Any idea on how to refine them. I watched a couple videos on YouTube but mostly were just pictures with no commentary or subtitles. 

I read a few things about doing them. I read about nitric acid. But was wondering if it could be done with hydrochloric. I seen that hydrochloric acid will disolved palladium if it's.grounded finely. 

Now I have tryed putting a few in some AP. The results were my AP turned a dark red when filters I had very fine white sand looking stuff, and some dark gray foils. Any ideas? 

My next question is if the red liquid was disolved palladium how do you turn it back to a power.


----------



## geedigity (Apr 9, 2017)

A search on this forum will result in a better way. I do not dissolve them in acids, well, let me restate that. I remove any tin that may be present as solder first using HCl. Following tin removal, I mix them with Cryolite and borax and melt them up. Then process accordingly.


----------



## jimdoc (Apr 9, 2017)

Spelling capacitors right in the search and head of this thread will help.


----------



## FrugalRefiner (Apr 9, 2017)

Tylerplyler, the preferred method for processing MLCCs is smelting. That's what geedigity described, though he referred to it as melting.

Dave


----------



## tylerplyler (Apr 9, 2017)

Thanks a lot I'll give it a try. I have a few pounds of them and getting sick of them sitting around the house lol.
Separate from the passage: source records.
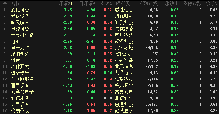 今日板块跌幅靠前的是通信设备、光伏设备、航天航空、电源设备、计算机设备、电池、电子元件、船舶制造、消费电子和软件开发等。科技和军工两大板块都是跌幅靠前,也可以看出近期市场人气并不高、做多情绪出现降温,出现一个有意思的现象,碳酸锂期货今天尾盘再次涨停,但是股票市场相关个股依然是下跌状态,股票和期货并没有形成联动,大宗商品产业资本对于市场是非常敏感的,A股近期一系列政策出来这些资本就懂了,没有选择继续在股票市场进行炒作,所以大宗商品相关股票和期货、现货走势并不是完全一致的,也反应出各路资金对于短线炒作是比较谨慎的。
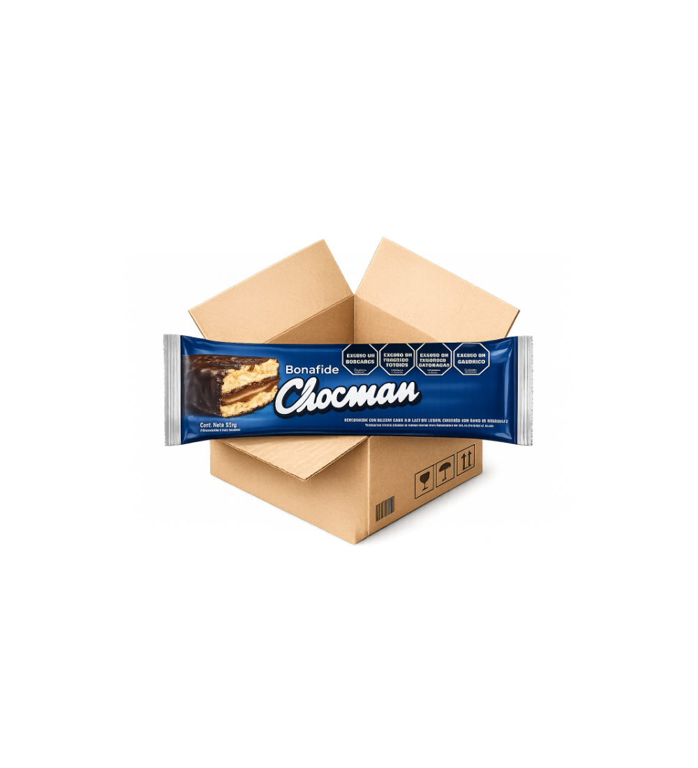 ¡Clásico que enamora! El Chocman de chocolate es ese alfajor que te transporta a la infancia con cada mordisco. Disfrutá de su suave relleno y la cobertura de chocolate que se derrite en tu boca. Perfecto para darte un gusto a cualquier hora del día, llevar en la mochila o compartir con quien más quieras. ¡Este pack de 18 unidades es ideal para tener siempre a mano!
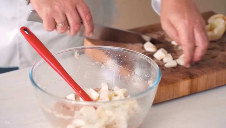 Яблоки нужно очистить, затем нарезать средними ломтиками и отправить к тесту. -
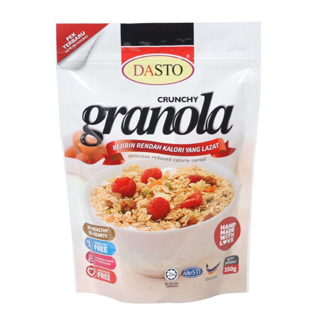 Granola berasal dari bahan yang sama dengan muesli, iaitu rolled oat, biji-bijian, kacang, dan juga buah kering. Bezanya, bahan-bahan itu semua dipanggang hingga menjadi sebati.

And as far as my spell goes I have a hard time with that , and think it pretty childish to even post on her being a douchebag about things. If if the word was spell wrong u obviously knew what I was talking about and offered no help... So my question jimdoc why even comment on the post?


----------



## jimdoc (Apr 9, 2017)

Because that is what makes the search box work.
With your attitude I don't expect you will be here long.


----------



## FrugalRefiner (Apr 9, 2017)

tylerplyler said:


> And as far as my spell goes I have a hard time with that , and think it pretty childish to even post on her being a douchebag about things. If if the word was spell wrong u obviously knew what I was talking about and offered no help... So my question jimdoc why even comment on the post?


Tyler, before you post again I suggest you read the forum rules. If you have a problem with someone's response, you can bring it to the attention of a moderator. You do not make personal attacks against other members and resort to name calling. 
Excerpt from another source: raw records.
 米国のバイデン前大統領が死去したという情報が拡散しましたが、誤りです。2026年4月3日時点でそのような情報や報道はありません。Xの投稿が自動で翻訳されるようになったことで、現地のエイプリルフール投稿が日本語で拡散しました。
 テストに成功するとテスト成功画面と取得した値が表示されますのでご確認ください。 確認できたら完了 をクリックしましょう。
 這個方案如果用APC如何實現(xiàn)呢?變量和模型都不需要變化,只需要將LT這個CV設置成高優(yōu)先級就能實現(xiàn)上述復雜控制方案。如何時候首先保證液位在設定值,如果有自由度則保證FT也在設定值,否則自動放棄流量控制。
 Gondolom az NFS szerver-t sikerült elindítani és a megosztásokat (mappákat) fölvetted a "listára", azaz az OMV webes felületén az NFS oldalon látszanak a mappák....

Spelling is important here, both for searching and for safety. Take your time. Use the Preview button before you press the Submit button. If you know you have difficulty with spelling, use a spell checker. Take a look through my Tips thread for more information.

Dave


----------



## g_axelsson (Apr 9, 2017)

tylerplyler said:


> Thanks a lot I'll give it a try. I have a few pounds of them and getting sick of them sitting around the house lol. And as far as my spell goes I have a hard time with that , and think it pretty childish to even post on her being a douchebag about things. If if the word was spell wrong u obviously knew what I was talking about and offered no help... So my question jimdoc why even comment on the post?


The word you are looking for is "Thank you jimdoc!"
Correcting your spelling makes it possible for you to find the information you are looking for. That is helping in my book. Unless you are too lazy to look for it yourself even after given the correct spelling.

We are very careful when it comes to spelling on this forum. For example sodiummetabisulfite will precipitate gold while sodiummetabisulfate wouldn't do anything. Spelling chemical names wrong will in best case just produce a minor setback, but could hurt you and people around you in the worst case.

tylerplyler, you are a newbie here. You better apologize to jimdoc who is one of our oldest regular members here and well seen by the community. Then you have to change your attitude too, or your stay here will be short.

Have I made myself clear?

Göran


----------



## geedigity (Apr 9, 2017)

> Tylerplyler, the preferred method for processing MLCCs is smelting. That's what geedigity described, though he referred to it as melting.
> 
> Dave



That is correct. Thank you for catching that.


----------